Fix a geometric structure $\mathcal{M}$ (in a countable language, if necessary). My question: for $A\subseteq M$, does $acl(A)$ define a (unique?) prime model over $A$ of $Th(\mathcal{M})$? 
The proof I've seen for the o-minimal case is ad hoc. 
Maybe the right question to ask is: are there always (unique) prime models over $A$, if $M$ is geometric (the answer is yes for strongly minimal models by $\omega$-stability)?
More generally, I was surprised not to find the notion of geometric structure in basic model theory books. It seems to capture what strongly minimal and o-minimal theories have in common, in particular the notion of dimension coming from the pregeometry $acl$. Now, I realise that while in the strongly minimal case the theory of dimension leads to a complete classification of the models, in the o-minimal case the situation is much more complicated. However, I was wondering how far one could push the analogy between these two types of theories, based only on the uniform finiteness of definable families and the fact that $acl$ is a pregeometry. Hence, my question about prime models.
 A: This is not even true for strongly minimal structures in general. For example, let $T$ be the theory of infinite-dimensional $\mathbb{F}_p$-vector spaces. Then for any finite $A$, $\text{acl}(A)$ is the span of $A$, which is finite dimensional, and hence not a model of $T$. 
In general: Every strongly minimal theory $T$ has a prime model (over $\emptyset$) of dimension $d \leq \aleph_0$, and it is true that if a set $A$ contains an algebraically independent set of size $d$, then $\text{acl}(A)$ is a prime model over $A$. But if $\dim(A)<d$, $\text{acl}(A)$ fails to be a model of $T$. In the example above, $d = \aleph_0$.

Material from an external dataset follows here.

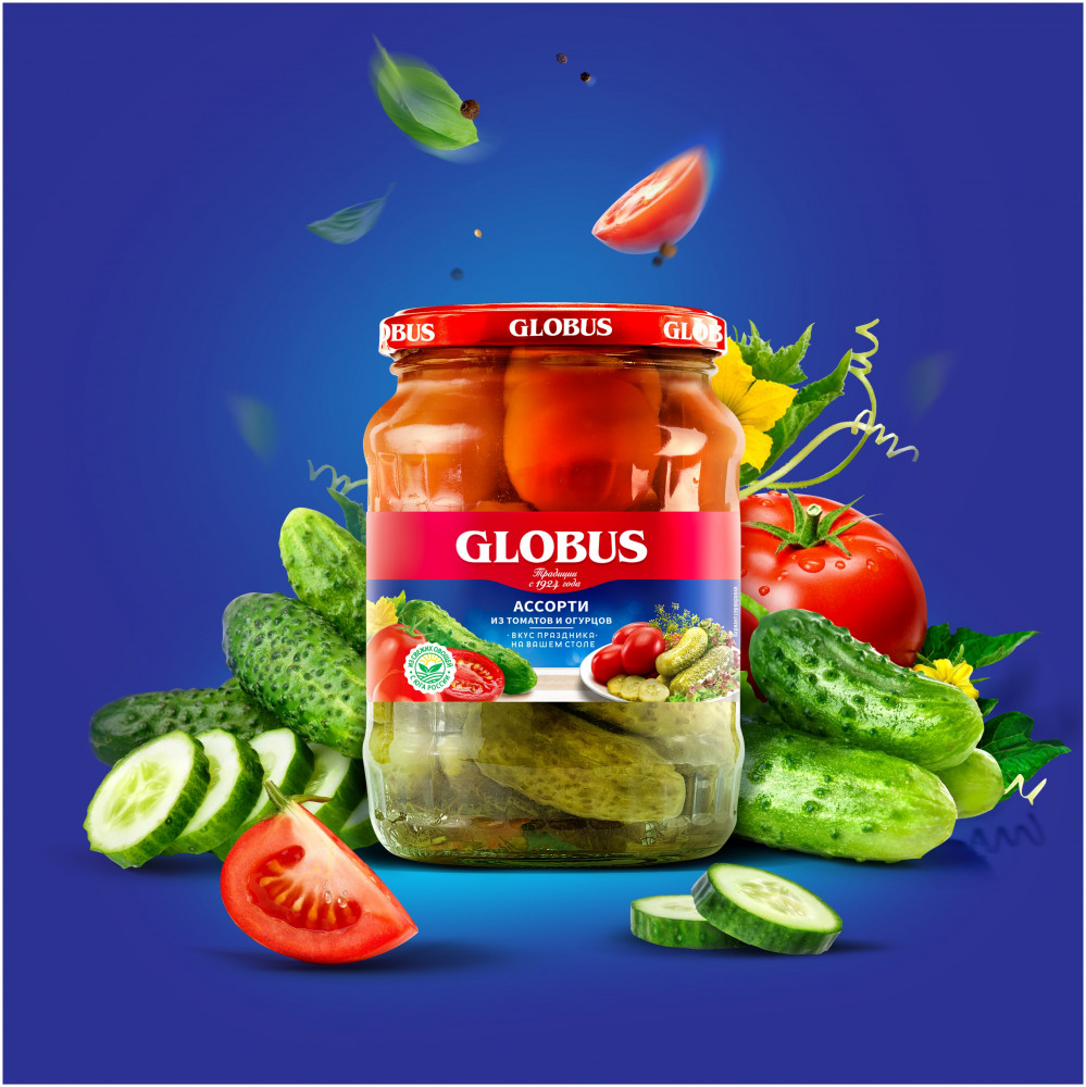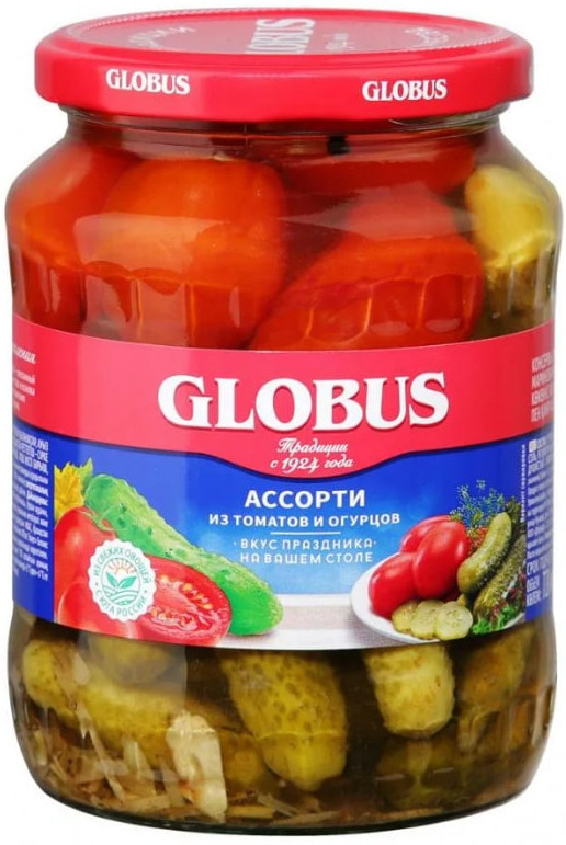 Globus Ассорти из томатов и огурцов-20% +13 вкусные плотная мякоть клетчатка резкий уксус запах плесени

For a reference, see the Claim in the proof of Theorem 5.7.8 on p.85 of Tent & Ziegler. This claim says that any infinite algebraically closed subset of a model $M$ is an elementary substructure. From this, it follows that for any $A$ such that $\text{acl}(A)$ is infinite, $\text{acl}(A)$ is a prime model over $A$ (since for any theory, any partial elementary map $f\colon A\to M$ extends to a partial elementary map $\text{acl}(A)\to M$).  So it remains to see that the condition "$\text{acl}(A)$ is infinite" agrees with the condition I stated above, "$\dim(A)\geq d$, where $d$ is the dimension of the prime model". This is because $\text{acl}(A)$ is infinite iff $\text{acl}(A)$ is a model (all models of $T$ are infinite) iff the prime model elementarily embeds in $\text{acl}(A)$ iff $\dim(A) = \dim(\text{acl}(A)) \geq d$.

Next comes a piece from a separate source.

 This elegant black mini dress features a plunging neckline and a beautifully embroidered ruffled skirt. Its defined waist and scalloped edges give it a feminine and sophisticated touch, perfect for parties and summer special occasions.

You also bring up the fact that o-minimal theories are only guaranteed to have definable Skolem functions when they expand ordered groups. This gives another counterexample in the o-minimal setting: In the theory of dense linear orders without endpoints, $\text{acl}(A) = A$ for all sets $A$, so $\text{acl}(A)$ is not a model unless $A$ is already. 
Finally, it is not true that every geometric theory admits prime models over sets - the geometric hypothesis is too weak. I've now remembered a rather silly construction: Given any structure $M$ in a relational language, add a new binary relation symbol $E$ to the language $L$ and create a new structure $M'$ by replacing every element of $M$ by an infinite $E$-equivalence class. Then we have a quotient map $q\colon M'\to M$, and we set $M'\models R(a_1,\dots,a_n)$ if and only if $M\models R(q(a_1),\dots,q(a_n))$ for every $n$-ary relation symbol $R$ in $L$.
The "blow-up" structure $M'$ has trivial algebraic closure ($\text{acl}(A) = A$ for all $A$), so it's trivially geometric. But if $\text{Th}(M)$ doesn't have prime models over sets, neither does $\text{Th}(M')$.
Of course, we could add the hypothesis of definable Skolem functions, but this is overkill, since then we very easily get that $\text{acl}(A)$ is prime over $A$ for any set $A$ without using the geometric hypothesis.